Snow White trivia

Taken from Imdb.com

Fifty ideas for the dwarfs' names and personalities were listed in the film's proposal; the list included all of the names finally included except Dopey and Doc (Dopey being the last to be developed). Some of the dwarfs were: Awful ("He steals and drinks and is very dirty"), Biggy-Wiggy or Biggo-Ego, Blabby, Deefy, Dirty, Gabby, Gaspy, Gloomy, Hoppy-Jumpy, Hotsy, Jaunty, Nifty, and Shifty. Sneezy was a last-minute replacement for Deefy.
Some animators were opposed to the name Dopey, claiming that it was too modern a word to use in a timeless fairy tale. Walt Disney made the argument that William Shakespeare used the word in one of his plays. This managed to convince everyone, although any reference to the term "dopey" is yet to be found in any of Shakespeare's work.

The "special" Academy Award granted to the picture consisted of one regular sized award and seven smaller sized awards.

Convinced that it would fail, the Hollywood film industry labeled the film "Walt Disney's Folly".
Disney Studios in Burbank was built with the film’s profits.

Scenes planned, but never fully animated: - The queen holds the prince in the dungeon and uses her magic to make skeletons dance for his amusement. - Fantasy sequence accompanying "Some Day My Prince Will Come" in which Snow White imagines herself dancing with her prince in the clouds beneath a sea of stars - Dwarfs building Snow White a bed with help from woodland creatures. - The song "Music in Your Soup" where the dwarfs sing about the soup that Snow White had just made them. - A musical number, "You're Never Too Old to Be Young", featuring the dwarfs. It was pre-recorded, but never animated.
Ward Kimball nearly quit after his two main sequences (the dwarfs eating soup and building a bed for Snow White, respectively) were cut. Walt Disney convinced him to stay by giving him the character of Jiminy Cricket in the next feature, Pinocchio (1940).

To keep the animators’ minds working, Walt Disney instituted his "Five Dollars a Gag" policy. One notable example of this policy is when Ward Kimball suggested that the dwarfs' noses should pop one by one over the foot boards while they were peeking at Snow White.

Publicity material relates that production employed 32 animators, 102 assistant, 167 "in-betweeners", 20 layout artists, 25 artists doing water color backgrounds, 65 effects animators, and 158 female inkers and painters. 2,000,000 illustrations were made using 1500 shades of paint.

At a recording session, Lucille La Verne, the voice of the Wicked Queen, was told by Walt Disney's animators that they needed an older, raspier version of the Queen's voice for the Old Witch. Ms. Laverne stepped out of the recording booth, returned a few minutes later, and gave a perfect "Old Hag's voice" that stunned the animators. When asked how she did it, she replied, "Oh, I just took my teeth out."

Was the first film to ever have a soundtrack recording album released for it.
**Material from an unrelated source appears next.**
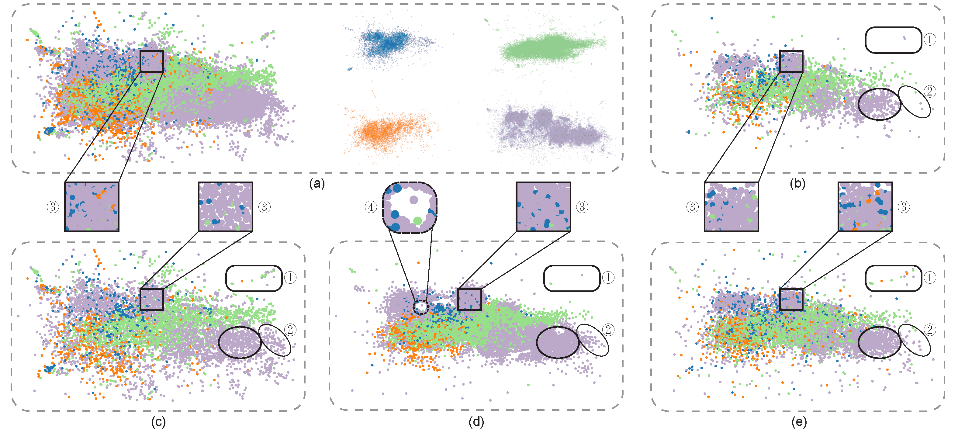 Xin Chen, Tong Ge, Jian Zhang, Baoquan Chen, Chi-Wing Fu, Oliver Deussen, Yunhai WangFigure 1: Different sampling methods for presenting the four-class Person Activity data [8]. (a) The left shows the input scatterplots with 100K points and the right shows the four classes separately, where the patterns of each class are obscured in the main plot, e.g., the three sub-clusters in the purple class, due to overdraw. We re-sample the data into ∼5000 points using (b) random sampling, (c) non-uniform sampling [4], (d) multi-class blue noise sampling [11], and (e) our method. The results show that our method better preserves major outliers (see the rounded boxes labeled with “1”), relative data densities (see the ellipse labeled with “2” to compare (c) with (d)), and the relative class densities (see the orange points shown in the squares labeled with “3” in (a)-(e)), without introducing obvious visual artifacts such as highlighted by the square in (d) labeled with “4”. Points for all results are rendered in random order.

Prior to Snow White and the Seven Dwarfs, a movie soundtrack recording was unheard of and with little value to a movie studio.

For the scene where the dwarfs are sent off to wash, animator Frank Thomas had Dopey do a hitch step to catch up to the others, as suggested in the storyboard. Walt Disney liked it so much he had the step added to other scenes - much to the chagrin of the other animators, who blamed Thomas for the extra work they had to do.

Was the first of many Disney films to have its premiere engagement at New York City's Radio City Music Hall. At the end of the film's initial engagement there, all the velvet seat upholstery had to be replaced. It seems that young children were so frightened by the sequence of Snow White lost in the forest that they wet their pants, and consequently the seats, at each and every showing of the film.

To give Snow White a more natural look, some of the ink and paint artists started applying their own rouge on her cheeks. When Walt Disney asked one how they would apply the rouge correctly for each cel, she responded, "What do you think we've been doing all our lives?"

Storyboards for a sequel to this movie were discovered in the Disney Company vault titled "Snow White Returns". Upon examining the length of the script and storyboards it seem like it was meant to be a short film than a full length movie. It was also meant to include revised versions of the "Soup" & "Bed Bulding" scenes that were excluded from the movie itself. The real reason for why this sequel never went further than preproduction is anyone's guess. It's unknown if Walt Disney really wanted this to be made in the first place. The whole storyboard to this unmade short is viewable on the Snow White Blu-ray.